Caught in Galen Lessons: Sessions 18-19


Sessions 18 and 19 of Caught in Galen were rough. This fact makes them great bits of Dungeons & Dragons to dissect because while I deeply enjoy successful encounters, interesting characters, and fulfilling character arcs, they’re not as helpful in my journey to become a better DM as sessions where I think I failed. Session 18: Slimy Happenings ended on a poor cliffhanger—mostly due to the failure of the party’s plans and Session 19: Ruthless didn’t happen for a few weeks due to my move. Sadly, the wait was arduous and the session's conclusion was unsatisfying.
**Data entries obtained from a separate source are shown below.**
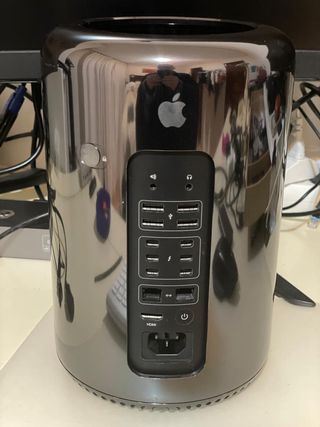 Apple Mac Pro 6,1 edición del 2013 con: • Procesador Intel Xeon E5 3,7 GHz. • Dos GPU AMD FirePro D300 de 4GB VRAM GDDR5. • 4 módulos de 16GB de RAM que hacen un 64gb ECC de memoria RAM. • SDD 2 TB Una máquina con prestaciones profesionales # IPad Apple Iphone MacBook Air Pro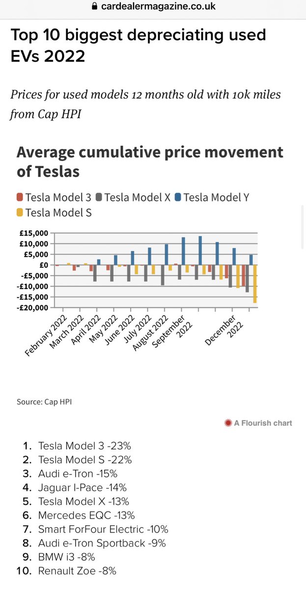 Just one year ago, Tesla Model 3 was praised for having some of the best resale values. What a difference a year makes. https://twitter.com/factschaser/status/1612594626413883393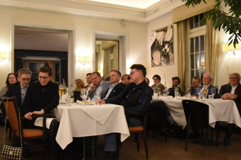 Ein Potpourri von zum Teil aufrüttelnden Tatsachen und Meinungen – imponierend und anregend vorgetragen. Alle hörten gebannt zu, auch wenn der Vortrag mit einem Ausblick auf die Zukunft kein einfaches „Happy End“ verheißen konnte – außer natürlich der Hinweis auf Menue-„Hauptgang“ mit wahlweise Entenkeule, Fisch oder das vegetarische Essen. Alles schmeckte allen ganz ausgezeichnet.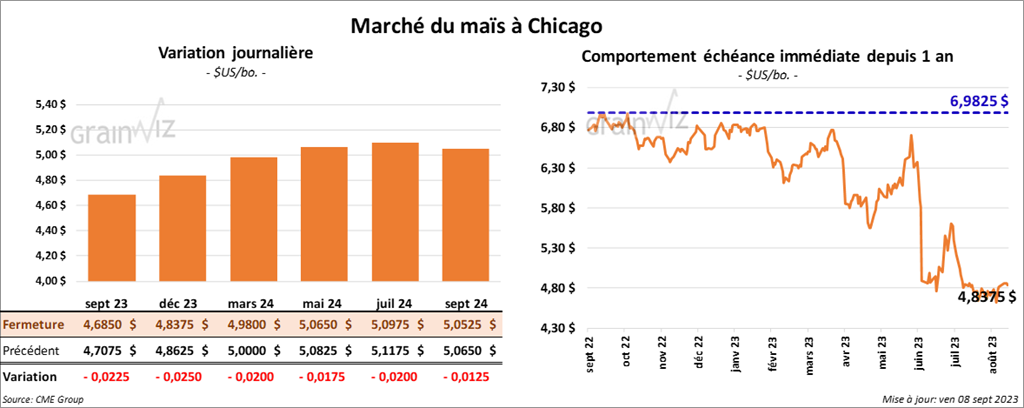 Le contrat de maïs US sept. 23 a clôturé à 4,6850 $ (- 2 ¼ cents). Celui déc. 23 a fermé à 4,8375 $ (- 2 ½ cents). Celui mars 24 a terminé à 4,9800 $ (- 2 cents).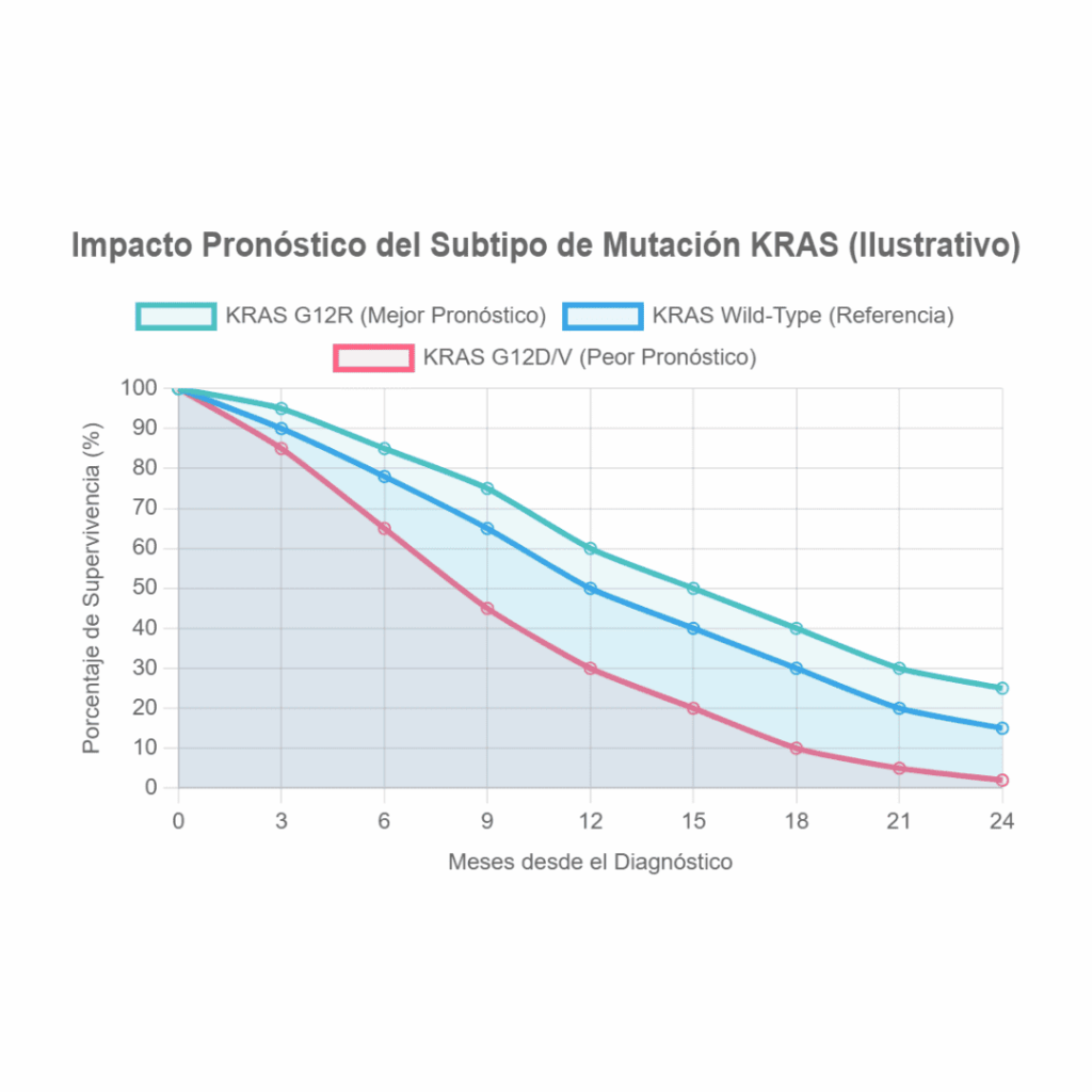 - KRAS G12R: Se asoció con un mejor pronóstico, con una supervivencia general promedio de 13.2 meses.

In retrospect though, each of those sessions might’ve been successful in the minds of my players but not my own. I might be overblowing the failures. After every session, I poll my players and ask if they had fun. So far, it's always been a resounding yes.

But...

Let’s recap these two sessions and tear them apart. We are going to discover what went wrong, if anything.

Session 18: Slimy Happenings


The session started in the depths of Galen, below the sewers and in the region known as the Jungle of Pipes. A combination of caverns, ruins, and sewers, the Jungle housed many of the party’s foes. After much preamble on the surface, they had finally arrived and were prepared to face the terrors of this dark labyrinth.

Immediately, they confronted a slug-like aberration called a leurgva. It welcomed their arrival. To the party’s surprise, the leurgva revealed key locations around the Jungle and urged them to act. They realized as an aberration from Xoriat, the Realm of Madness, all this creature sought was chaos. If they acted as it wished, they would be giving in to its desires. The leurgva crawled away and left the party with a few hazy choices. They discussed their options and decided to head toward one of the bases of the enemy faction, the Verdant Skull, a ruined town called Tairox Landing. There, they would find prisoners from the surface: friends and allies that needed saving.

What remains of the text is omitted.